Saturday, May 15, 2004

New arthouse in Bangkok

My current favorite place to watch movies in Bangkok is at the Apex theatres in Siam Square. Actually, they've been my favorite ever since I discovered them in July 1999, when I saw Star Wars I.

Since then, I've seen some much better movies there. They play some off-beat movies that aren't shown in any of the mainstream multiplexes around town. For example, this week, He Loves Me, He Loves Me Not, starring Audrey Tautou is playing. Films I've seen there in the past include Amelie, Dirty Pretty Things, the experimental Thai film I-san Special and Battle Royale 2. Upcoming will be Audition. Just the preview for that movie creeps me out.

The Apex complex consists of the Lido multiplex (where most of the stuff I consider arthouse is shown) and the Siam and Scala theatres. The latter two are single-screen venues that show mostly first-run, mainstream stuff. They are my first choice when catching a new movie, as they make the movie experience much better than any of the cookie-cutter mall cineplexes with postage-stamp screens, high prices and inconsiderate audiences.

Now, a new arthouse theatre called House is in the works, according to an article by Kong Rithdee in Friday's Bangkok Post (Real.Time, page 1)

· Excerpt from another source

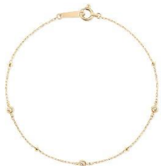
『ステーション / ブレスレット』 K10 イエローゴールド、ダイヤモンド

ラインナップは、K18 製、K10 製、プラチナ 850 製、メレダイヤモンド付きなどバリエーション豊富に展開。繊細なチェーンや異なる素材の組み合わせにより、カジュアルからエレガントなスタイルまで幅広い装いに輝きを添えます。ケイウノならではのポイントとして、ご希望により留め具部分へ無料で刻印が可能で、イニシャルや記念日など大切な想いをさりげなくこめることができます。身につけたときにふと目に入るブレスレットは、自分へのご褒美や大切な方への贈り物としても最適なアイテムです。

A partnership of four young rich Thais plans to turn the older UMG RCA multiplex into an arthouse haven. This move comes at a perfect time, as the Royal City Avenue (RCA) neighborhood of nightclubs will be a hotter spot in the coming months. This is for a couple of reasons. First, a new subway line will be opening there in August, making the area much more accessible. And second RCA is one of the areas that the government has named an "entertainment zone", where presumably nightlife can continue well past the current midnight or 1am or 2am curfew.

The four partners are: Chomsajee Techaratanaprasert, 24, daughter of Somsak Techaratanaprasert of Sahamongkol Film, one of Thailand's biggest distributors of foreign films; "Ted" Yuthana Boon-om, 37, a promoter of the indie music scene, organiser of Bangkok's Fat Festival for indie bands and now with the television producing company Polyplus; Arunee Srisuk, 34, movie publicist, event organiser, all-round freelancer in all chores relating to Thai cinema; and Pongnarin U-lit, 33, Chulalongkorn University film department graduate, host of a cinema talk radio shows and film critic.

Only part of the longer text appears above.